• charlieegan3 5 months ago

    This is a great idea for a project, the 'users who also posted' metric seems to have worked really well.

    The site seems to fail to load the 'hot' items for the subreddits when I click on them but that's not a big deal for me. On closer inspection, it doesn't seem to be making any requests. Just says `Failed to download https://www.reddit.com/r/thinkpad/hot.json` etc

  • aasasd 5 months ago

    > the 'users who also posted' metric

    — Hello, is this the anime channel?

    — Yes.

    — How do I patch KDE2 under FreeBSD?


  • Smithalicious 5 months ago

    The accuracy of this meme is stunning. I run an anime-related discord of 20-odd people and at least half of people there work in tech in some way. I've seen similar things in order such communities.

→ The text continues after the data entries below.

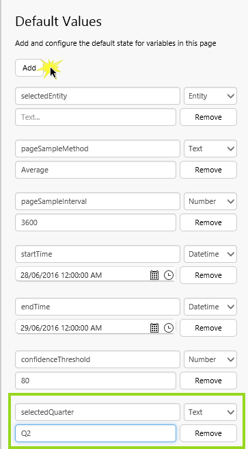 2. In the Default Values panel, click Add, scroll to the bottom of the default values list, then type a variable name, selectedQuarter, into the edit box, keep the Type as Text, and type a default value, Q2, in the second edit box.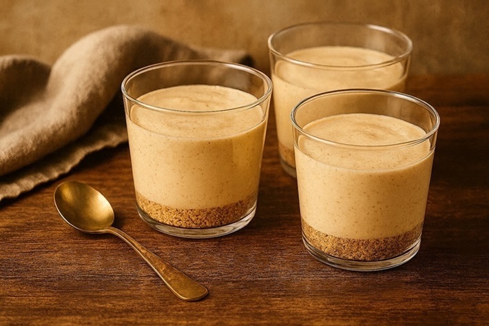 上層はなめらかにとろける「きなこレアチーズムースケーキ」。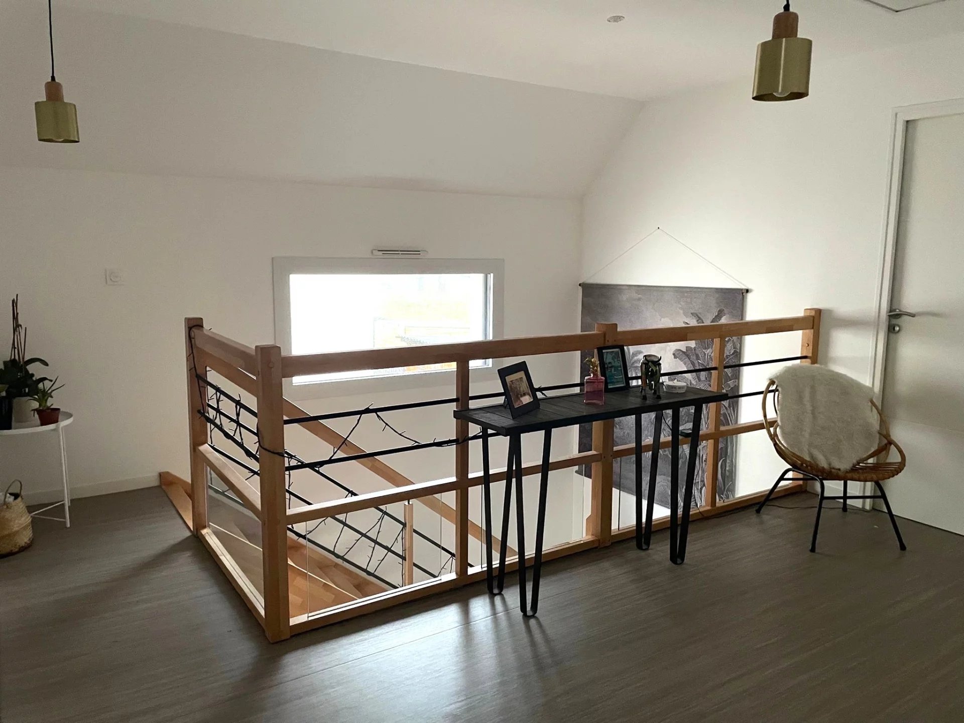 À l'étage, une grande mezzanine dessert 4 chambres confortables, toutes équipées de placards, dont une avec salle d'eau privative. Une salle de bains et un WC indépendants viennent renforcer le confort quotidien. L'allée permet aisément de stationner plusieurs véhicules et le jardin, idéalement exposé, n'attend plus que sa clôture.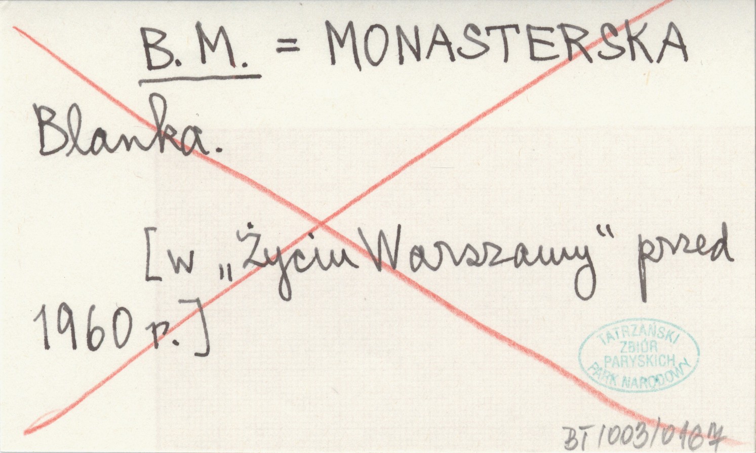 B. M. MONASTERSKA Blanka Życie Warszawy [przed 1960 r.].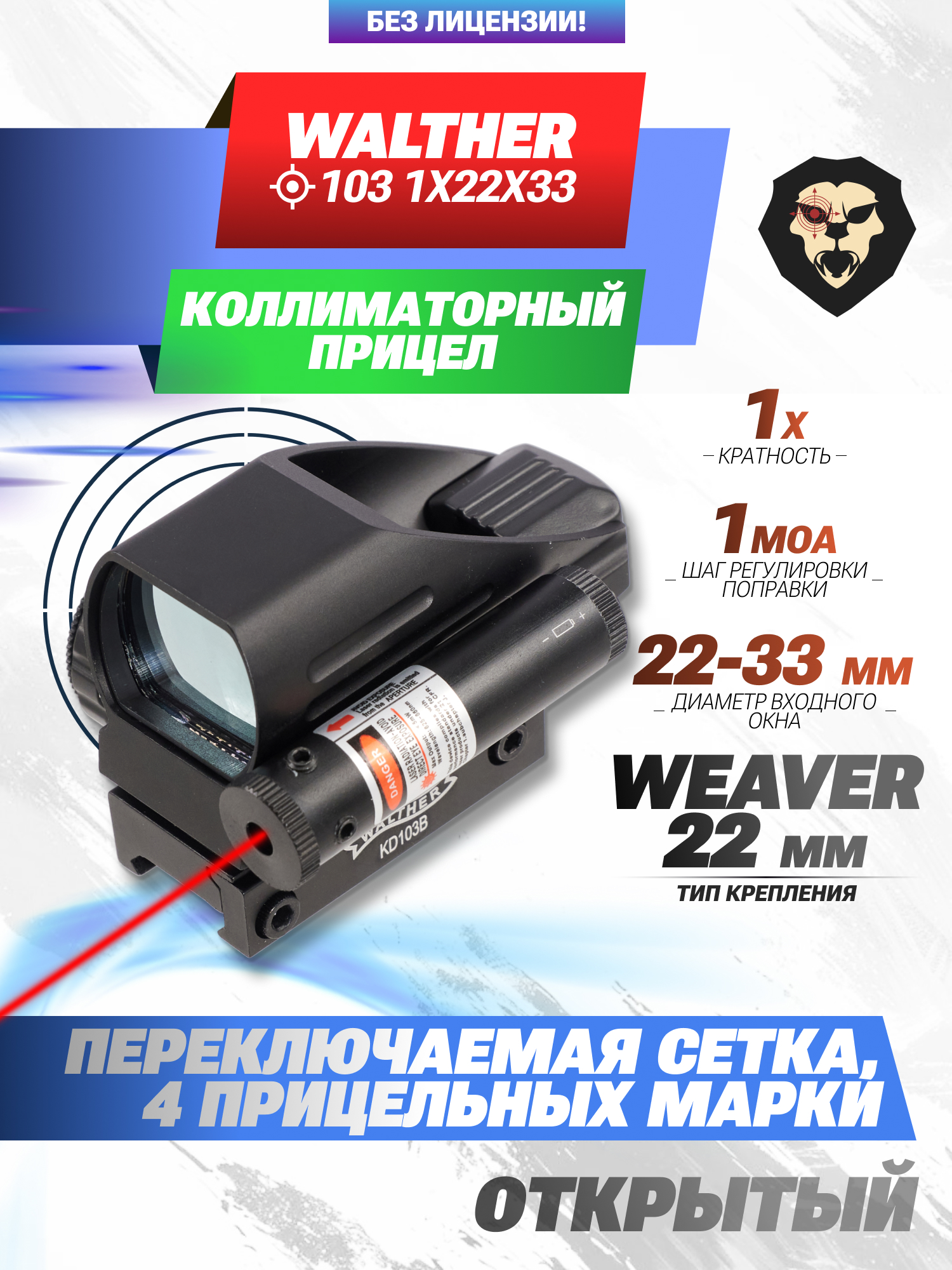 Коллиматорный прицел Walther 103 1x22x33 (BH-KWL02, ЛЦУ, Weaver) купить в интернет-магазине Popadiv10.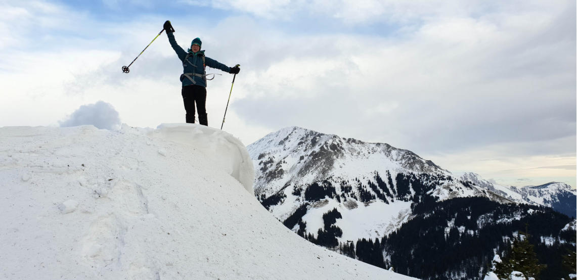 Wir nähern uns dem Turntaler Kogel auf 1.610m. Wie erwartet ist im Gipfelbereich der Schnee abgeblasen.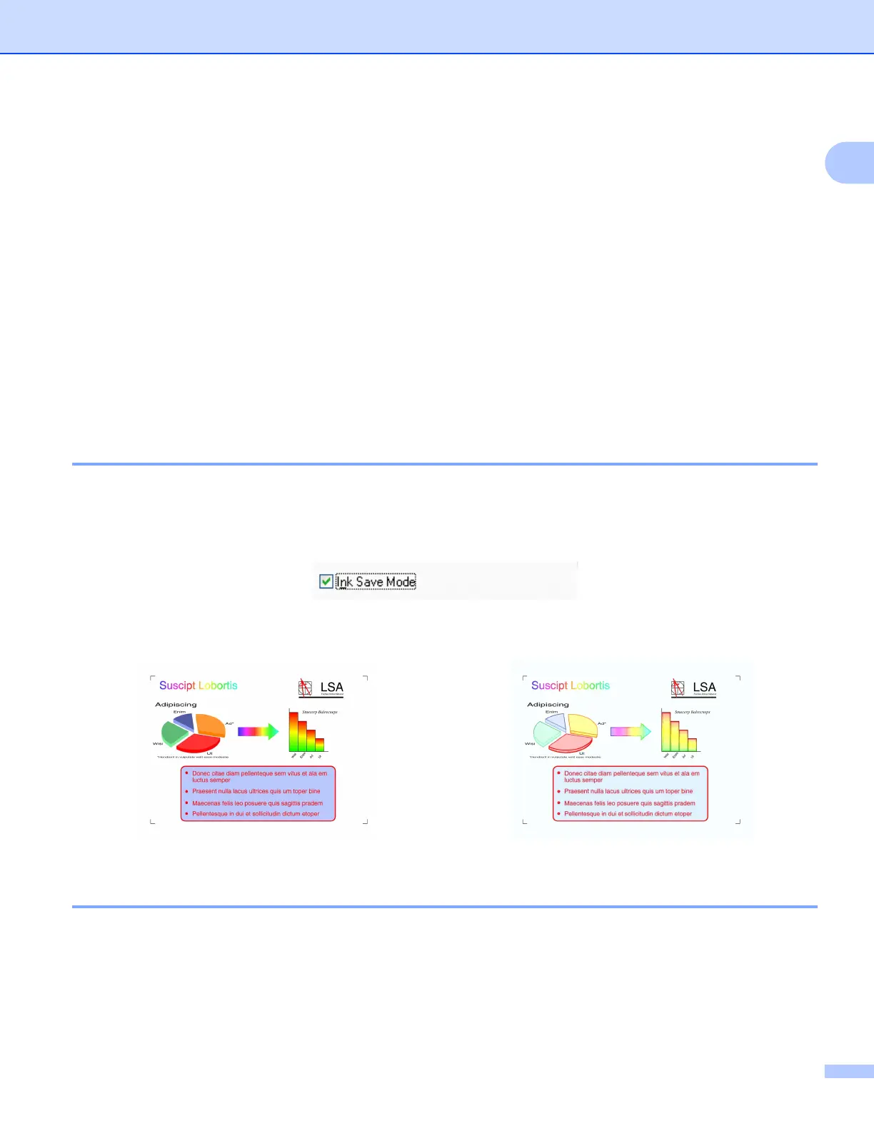 When you choose Ink Save Mode, the machine prints the colors lighter and emphasizes the outlines of the
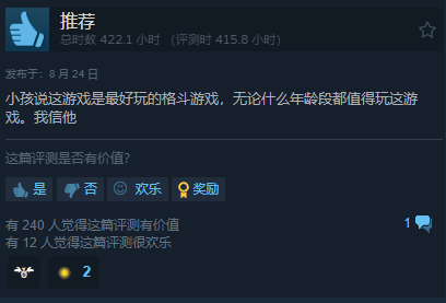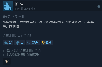 不止一位玩家表示,是因为小孩说:“《街霸6》是最好玩的格斗游戏,无论什么年龄段都值得玩这游戏”。玩家信他,所以购入了《街霸6》。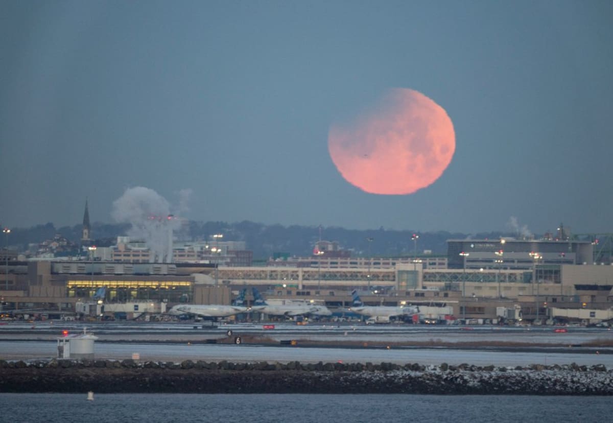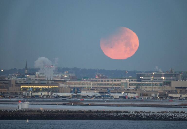 La llamada superluna azul, en lo alto del cielo de la ciudad de Boston, Estados Unidos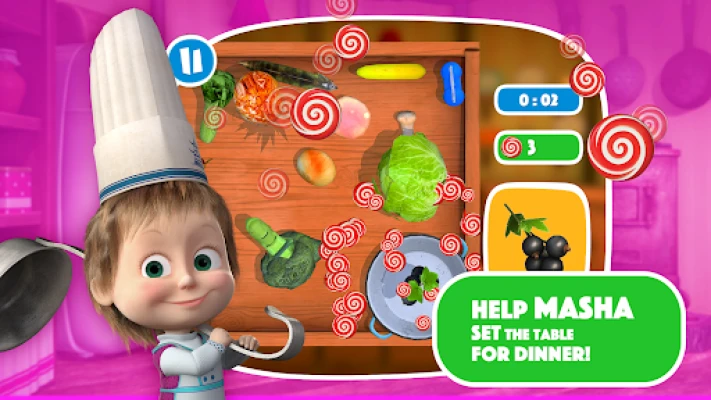 Silly Wolf, Rosie the Pig, Rabbit, and Penguin visit Masha and ask her to feed them. Each brings fresh ingredients - more than 50 types in total - from which Masha must prepare tasty food and deliver it. As a reward for completed tasks, the guests give Masha new products to make more dishes and medals to unlock stylish chef outfits. Children can explore different recipes, test various cooking tools, and learn how different ingredients combine to create delicious meals.

    I wonder if this is just a cultural artifact from the time that anime and technology were both "geeky" niche interests (to a greater extent than they are now) or if there's a deeper underlying reason...

  • vidarh 5 months ago

    It may be a stereotype, but to me it seems that in geek circles it is much more acceptable to admit to continuing to appreciate things often seen as "childish" elsewhere in general.

  • mrfusion 5 months ago

    Another metric could be looking at cross posts. I’m not sure which is better.

  • Breza 5 months ago

    That could be cool, but it would eliminate any subs that don't allow crossposting. That includes a few of the heavy hitters like ShowerThoughts and AskReddit.

  • anvaka 5 months ago

    hmmm... I don't see the error on my end. What browser do you use? Can you try in "incognito" mode? Are there any extensions that might be blocking this?

  • Sendotsh 5 months ago

    Doesn't work for me either, on Firefox Developer Edition 65.0b10 (64-bit) with no extensions enabled (disabled them all to double-check it wasn't one of them blocking it).

    Works fine in Edge.

    It's purely the loading of the Hot sidebar, everything else works fine. It has already helped me find a few new subs I didn't know existed, so thanks!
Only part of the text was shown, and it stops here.